Continuing to publish materials about the techniques of physical modeling in the Teradata DBMS, we, as promised in the last article, want to talk about additional techniques that are not directly related to ordinary indices (although in this article we will touch on specific types of indices that should be known).
In addition to the usual indexes, Teradata has a number of specific and sometimes fine techniques that can be used in physical modeling. We give a description of most of the techniques, and if you have any questions or desire to learn more, we will be happy to answer in the comments.
Join index
This is a special kind of index that is a saved and updated result of a SQL query. This index has the name because the query may include joining tables. But there may be no table joins - in this case the index is called the Single Table Join Index. Such a technique should be considered if there are frequent queries for joining several tables and / or performing aggregations. After receiving a SQL query from a user, for which you can use only Join Index data, the optimizer will most likely prefer this method. There are also ways to let the optimizer understand how to join the Join Index and the base table if, for example, the index does not have enough fields that the user requested. This is done by including the “ROWID” field in the Join Index - then the DBMS can, if necessary, perform an effective connection of the index with the base table.
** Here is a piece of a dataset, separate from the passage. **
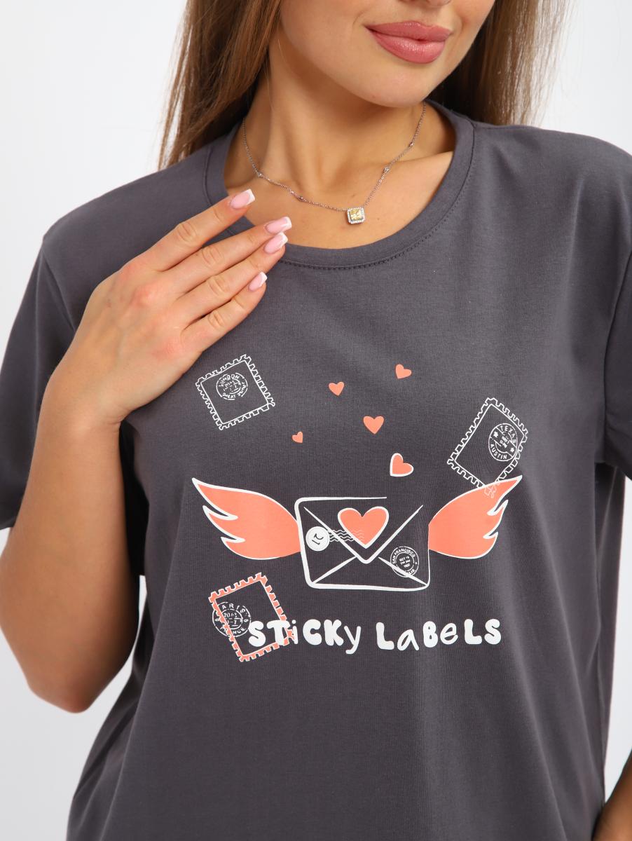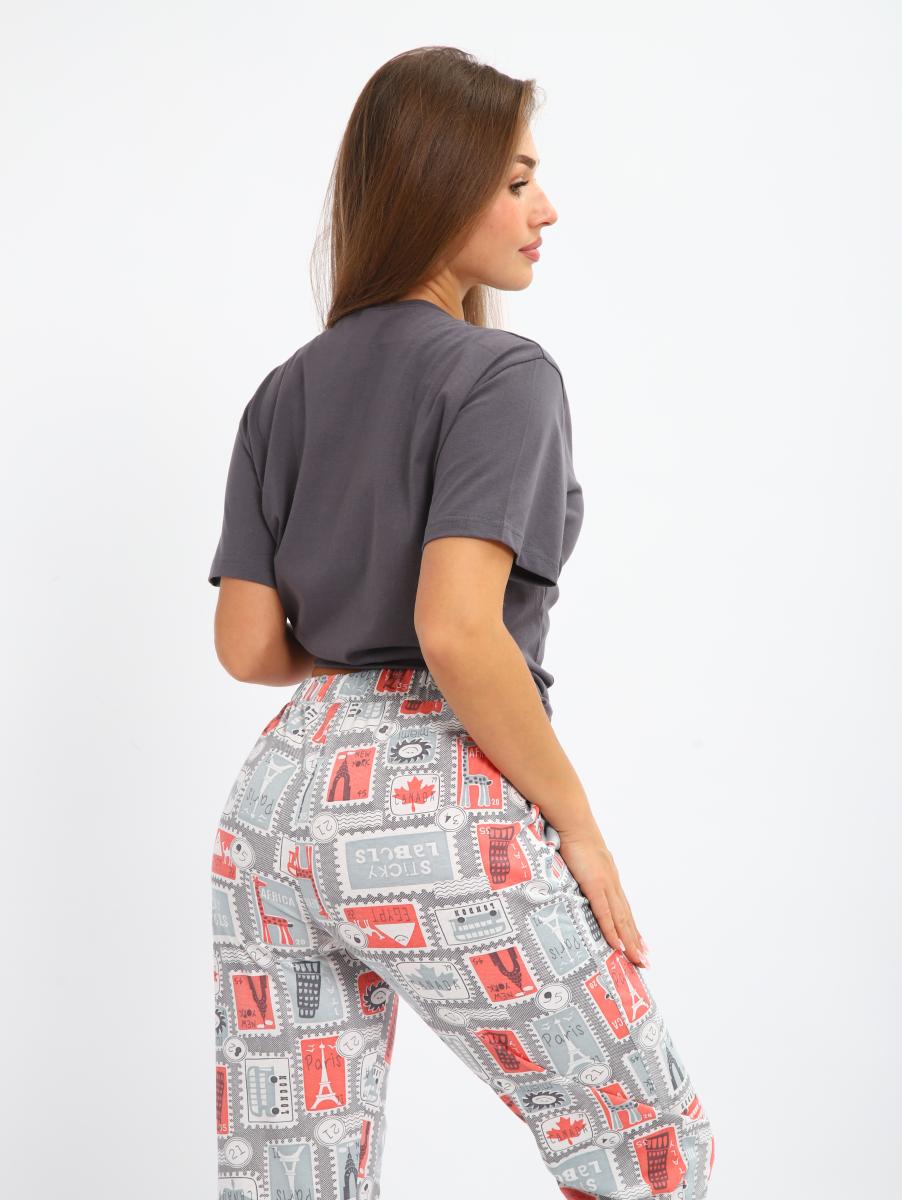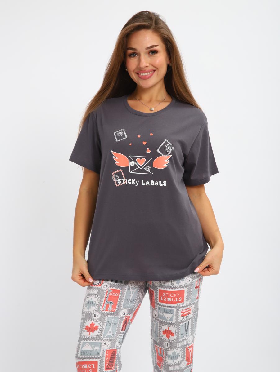 Костюм женский выполнен из трикотажного полотна кулирка. Костюм состоит из футболки и бридж. Футболка свободного силуэта, рукав втачной короткий, на полочке выполнена печать. Бриджи прямые, пояс на широкой резинке, карманы по бокам.

Indexes can be limited not only by width (the number of columns of the base table), but also by depth. When creating a Join Index, you can specify the condition “WHERE”, and then only necessary data will be included in the index. This method is suitable for optimizing queries that have quite specific filtering conditions. Then they can be included in the index and thus reduce its volume and minimize the resources expended. But it must be remembered that this index will be considered by the optimizer only when processing those queries that have the same (or more stringent) filtering conditions as when creating the index.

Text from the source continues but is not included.